In the Netherlands, Parkinson’s disease affects approximately one percent of all people over the age of 60. The disease causes the neurons in a central part of the brain to gradually die off. This can go unnoticed for quite some time, until the remaining brain cells are no longer able to compensate. The diagnosis is not usually made until only 30% of the neurons in that part of the brain are left. As a result, my uncle’s symptoms include stiffness, tremors and problems with moving, which seriously impairs his day-to-day life. He will soon start taking drugs to deal with the symptoms, but they will not prevent more neurons from dying and they will eventually stop working. So we need to find new medicines that will slow down, reverse or even prevent this degeneration.

The diagnosis is not usually made until only 30% of the neurons in that part of the brain are left. (Photo: iStock)

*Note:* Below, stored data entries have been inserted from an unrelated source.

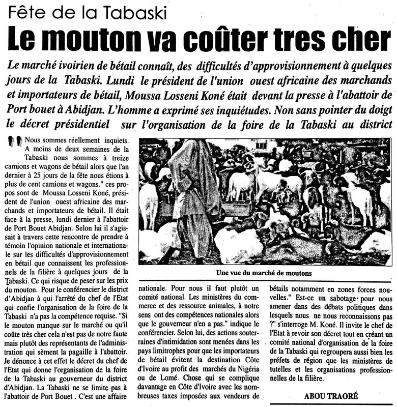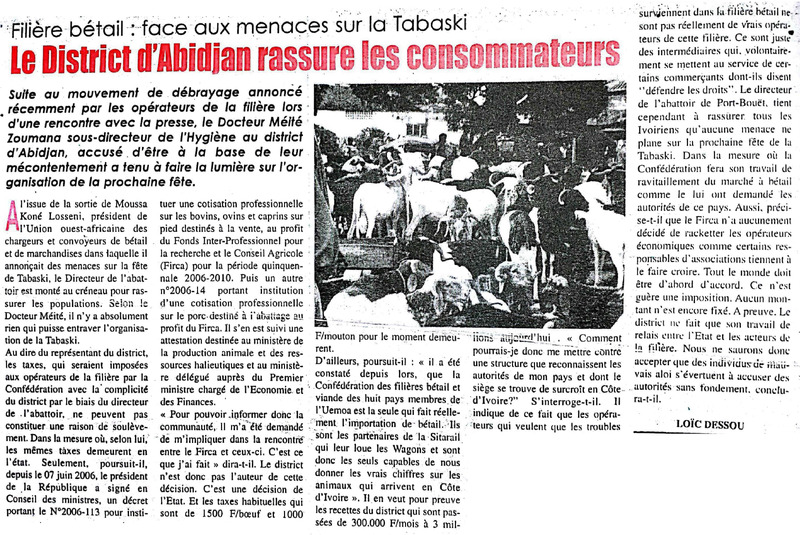 Filière bétail. Face aux menaces sur la Tabaski : le District d'Abidjan rassure les consommateurs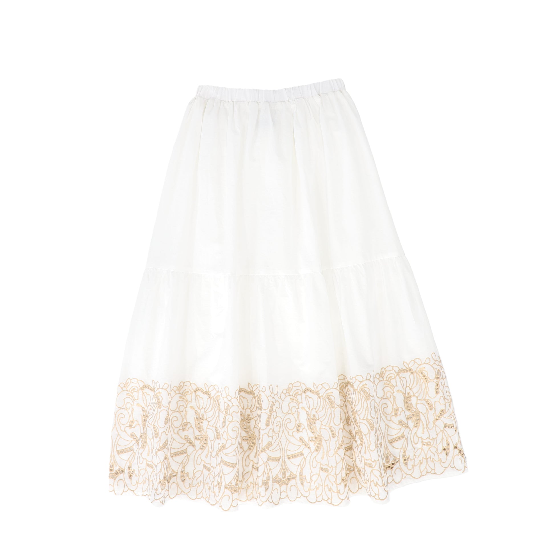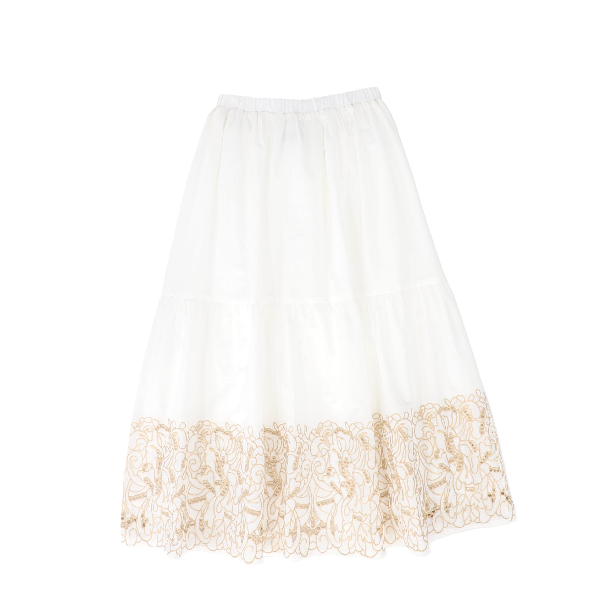 BAMBOO WHITE/TAN LACE EMBROIDERED TIERED SKIRT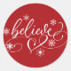Believe Script | Red Christmas Snowflake Flourish Classic Round Sticker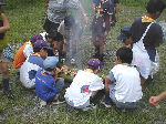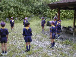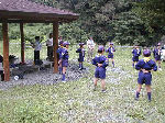 【 出発式&開村式 】 団舎前での出発式、車に揺られて到着した白山温泉・・ちょっと疲れちゃったかな? そんなことはありません! スカウト達はみんな元気に開村式・・・いよいよ始まり! |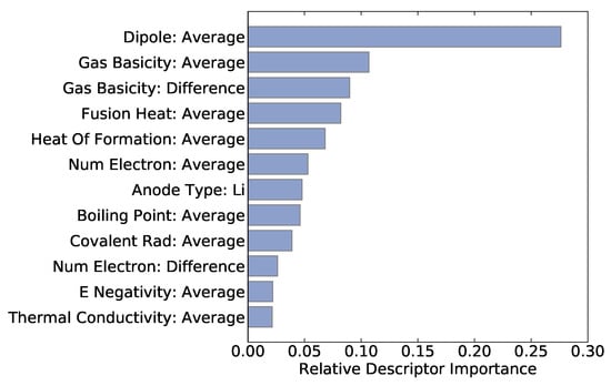 Descriptor importances can be extracted from the random forest model to determine which descriptors are most important for a successful prediction. Figure 3 shows the top twelve descriptors. Among the top descriptors are average dipole polarizability, average gas phase basicity, and the average heat of fusion. Electrochemical batteries rely on the insertion and removal of ions and the associated reduction–oxidation reaction. Therefore, the gas phase basicity (that is, the change of Gibbs free energy during deprotonation) is likely a pertinent materials descriptor which might lend itself to mechanistic analysis. Other descriptors such as heat of fusion or dipole polarizability are much less intuitive but could, hypothetically, play a subtle or higher-order role in determining Li-ion battery properties.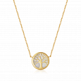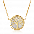 Zlatý dámský náhrdelník se stromem života s perleťovým podkladem.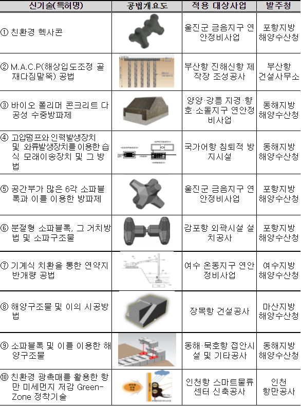 올해는 총 14건의 신기술이 접수되었으며 관련 분야 외부 전문가로 구성된 심의위원회의 심의를 거쳐 친환경 헥사콘, 해상입도 조정 골재다짐말뚝(M.A.C.P) 공법 등 총 10건의 신기술을 2022년도 시험시공 지원 대상으로 최종 선정했다. 이 신기술은 내년에 시행되는 부산, 인천, 동해, 여수, 울진지역의 항만과 어항건설 그리고 연안정비사업에 시험 적용될 예정이다.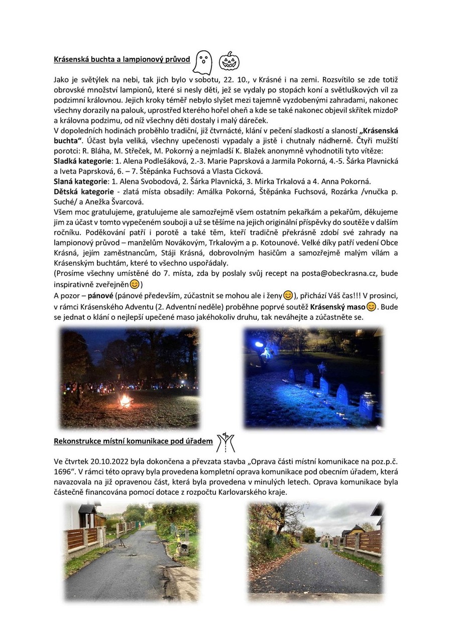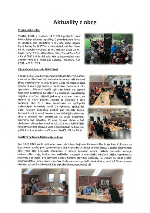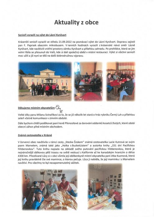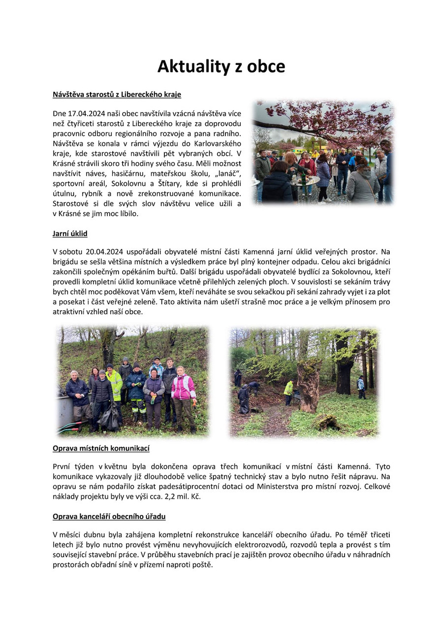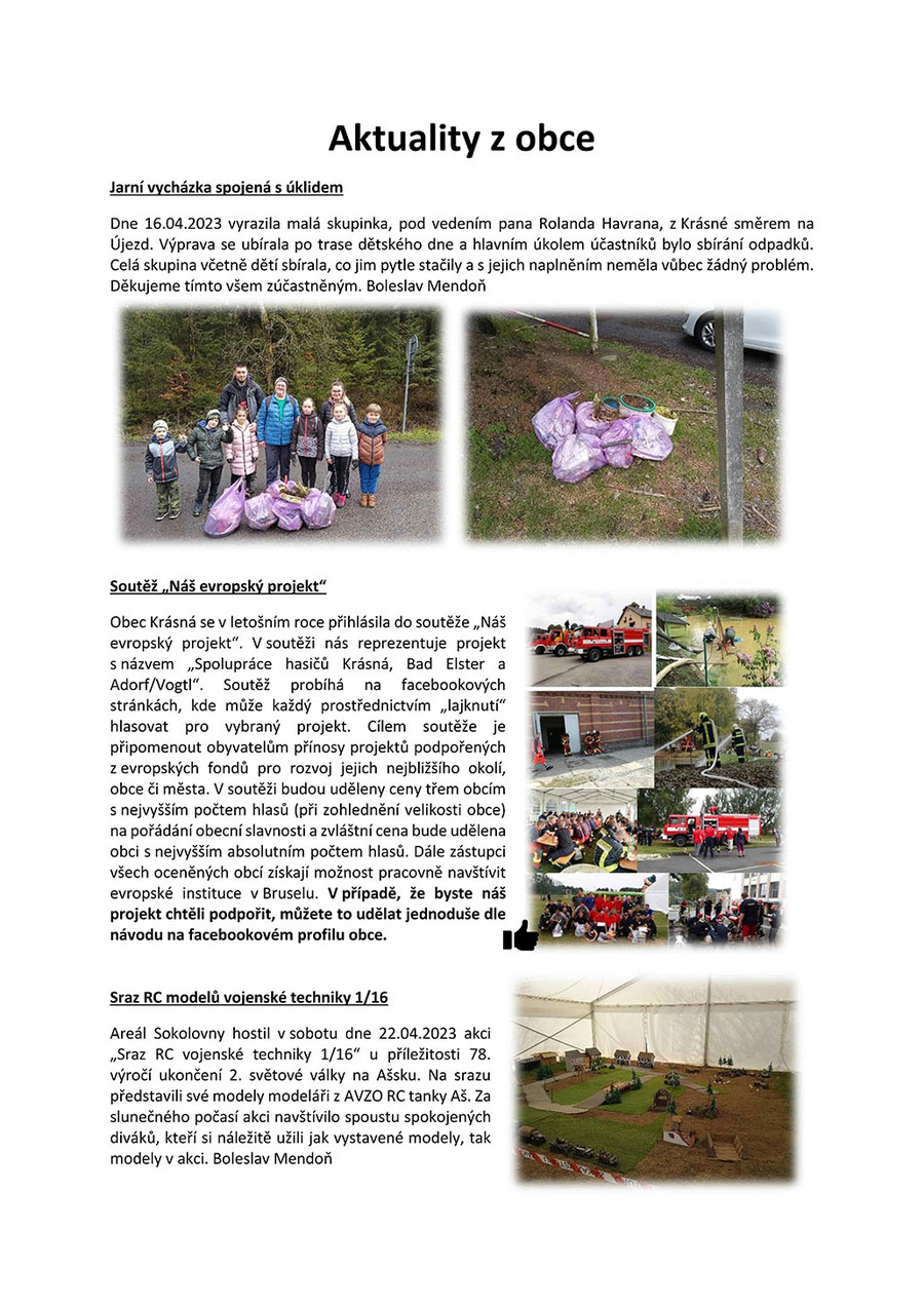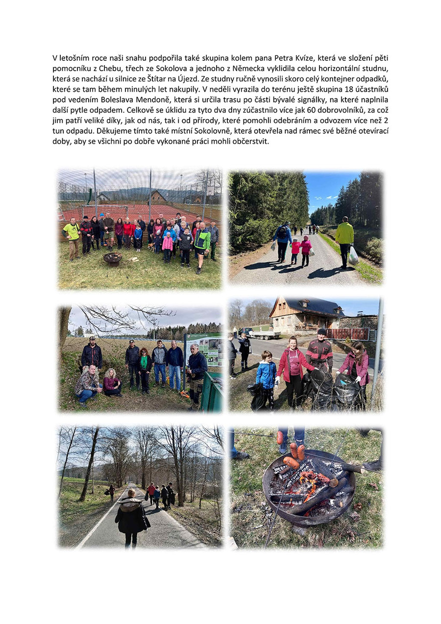 V sobotu dne 23. 4. 2022 se na Krásenské návsi sešlo, i přes velký počet omluvenek z důvodu nemoci, více než 30 dobrovolníků, kteří vyrazili na jarní úklid Krásné a širokého okolí. V rámci úklidové akce byl proveden úklid také v Újezdě, Štítarech a Kamenné osadě. Bylo sebráno skoro půl tuny odpadu a více jak 20 pneumatik. Již o den dříve se do úklidu zapojila naše mateřinka, která uklidila sportovní areál a veřejné pozemky přiléhající k mateřské škole. Dalšími brigádníky, kterým není naše příroda lhostejná jsou děti z Jezdeckého klubu Krásná, které si vzaly na starost les podél komunikace do Dolní Krásné. Celá akce byla ukončena v místní Sokolovně, kde mohli všichni doplnit energii připraveným jídlem a pitím. Děkujeme moc všem, kteří přišli pomoc a budeme věřit, že příští rok už nebudeme mít co uklízet.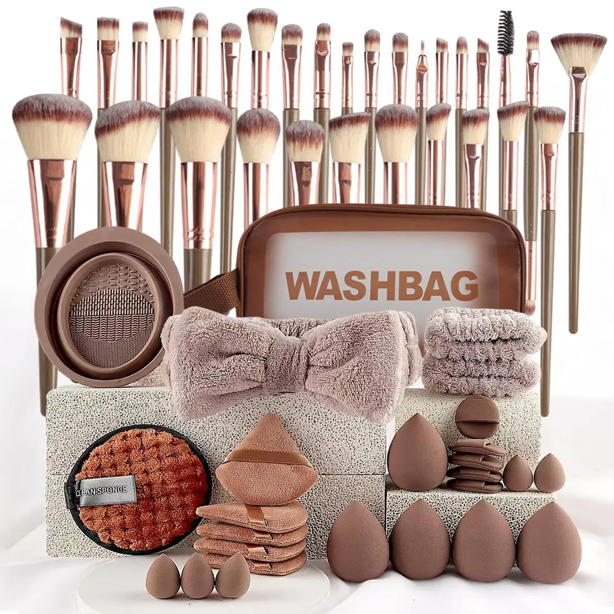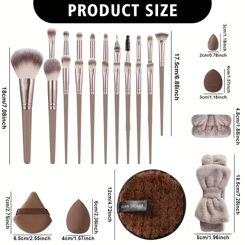 a portable brush kit in a single compact tube key components, large face brushes usually includes a fluffy powder, brush, and a slanted foundation or blush brush, small detail brushes features a dual eye area tool with a smudge brush and then eyesViral with hair ties and headband as well
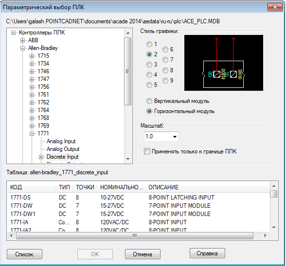 Для размещения на чертеже выбранного модуля ПЛК с заданным стилем графического отображения и масштабом в диалоговом окне «Параметрический выбор ПЛК» следует нажать кнопку ОК.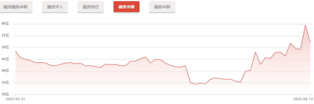 截至8月13日,其融资余额为52.14亿元,较7月中下旬时低点累计增加16.99亿元,增幅达48%。同时,8月12日融资余额达59.50亿元,创出历史最高纪录。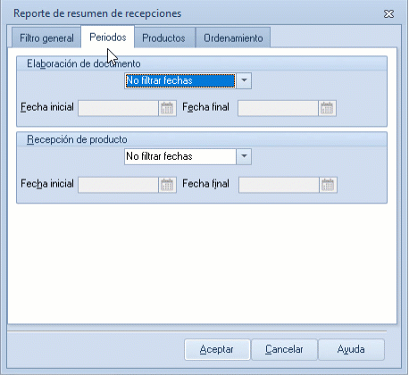 - Elaboración de documento y recepción de producto: filtra los registros mediante las siguientes opciones: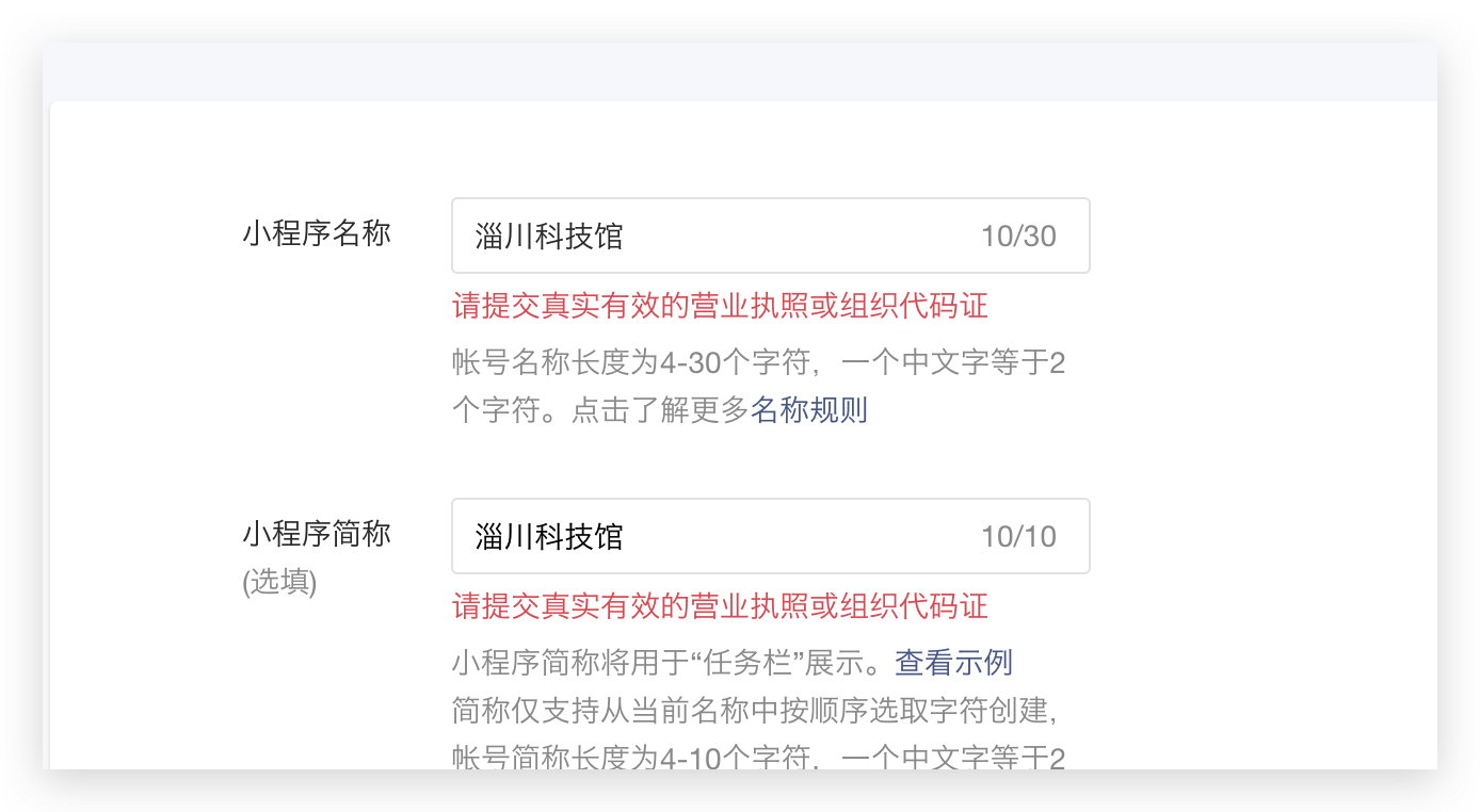 我现在想申请一个小程序(淄川区科技馆),但是该馆没有独立的法人什么的,他是隶属于淄川区科学技术协会,我有科协相关的统一代码,和科技馆的人名文件,请问该怎么认证呢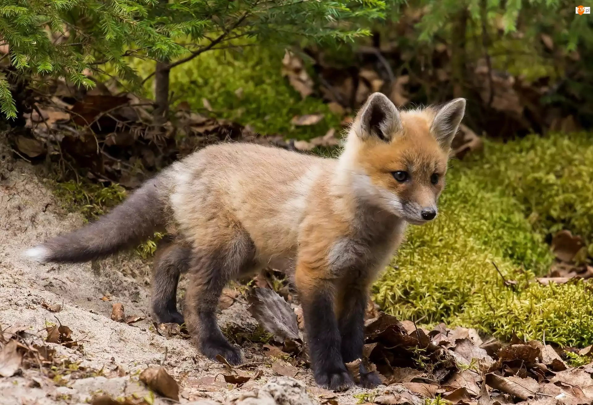 Młody, Słodki, Liście, Las, Lisek, Drzewa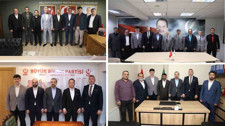 AK Parti Kocaeli İl Başkanı Dr.Şahin Talus, Cumhurbaşkanlığı ilk tur ve 2.tur seçimleri ile 28.Dönem Milletvekili Genel Seçimlerinin tamamlanmasının ardından Cumhur İttifakı ortağı il başkanlarını ziyaret etti. Milliyetçi Hareket Partisi Kocaeli İl Başkanı Murat Nuri Demirbaş ile teşekkür ziyaretlerine başlayan Talus, daha sonra Büyük Birlik Partisi Kocaeli İl Başkanı Kaan Şengil ve Kocaeli İl Koordinatörü Metehan Küpçü, Yeniden Refah Partisi Kocaeli İl Başkanı Ali Taştan, Demokratik Sol Parti İl Başkanı Halim Dedeoğlu, Hür Dava Partisi Kocaeli İl Başkanı Ali Çiftçioğlu ve yönetimleriyle bir araya geldi. Talus, yaptığı açıklamada, şunları söyledi: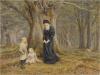 In 1880, British watercolorist Helen Allingham created an artwork titled “The Lady of the Manor” using watercolors. This painting features an unnamed lady in the center of the image in front of a large tree, looking down at two children who appear to be collecting sticks and flowers in a hat. In the background, there is a dense forest, a dog, some deer, and a manor. From the title and eye-catching details of the painting, the viewer connects that the lady is the focal point of the painting and the manor is her home. The woman is further emphasized with the black dress she wears in the vibrant environment, drawing the spectator’s eye to her and her interaction with the children.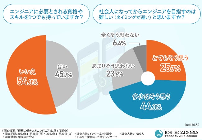 そこで、国内初のiOSエンジニア専門スクール『iOSアカデミア』(https://ios-academia.com/)を運営するinit株式会社は、20代の社会人を対象に、「理想の働き方とエンジニア」に関する調査を実施しました。

The diagnosis is not usually made until only 30% of the neurons in that part of the brain are left. (Photo: iStock)

Misshapen protein
I am contributing to this, albeit indirectly. For my PhD research project, I am studying the effect of one specific protein that is involved in Parkinson’s disease. This protein is called LRRK2 (pronounced: Lark two) and in some patients, it is misshapen due to a genetic fault. In addition, this protein is more active in nearly all people with Parkinson’s disease than it is in healthy people: there is a particular chemical reaction that it performs too often. This is why in our lab, we are focusing on finding new ways to inhibit LRRK2 activity. But before we can do that, we need to understand how LRRK2 works. My research project involves studying how the body normally stabilizes LRRK2 activity.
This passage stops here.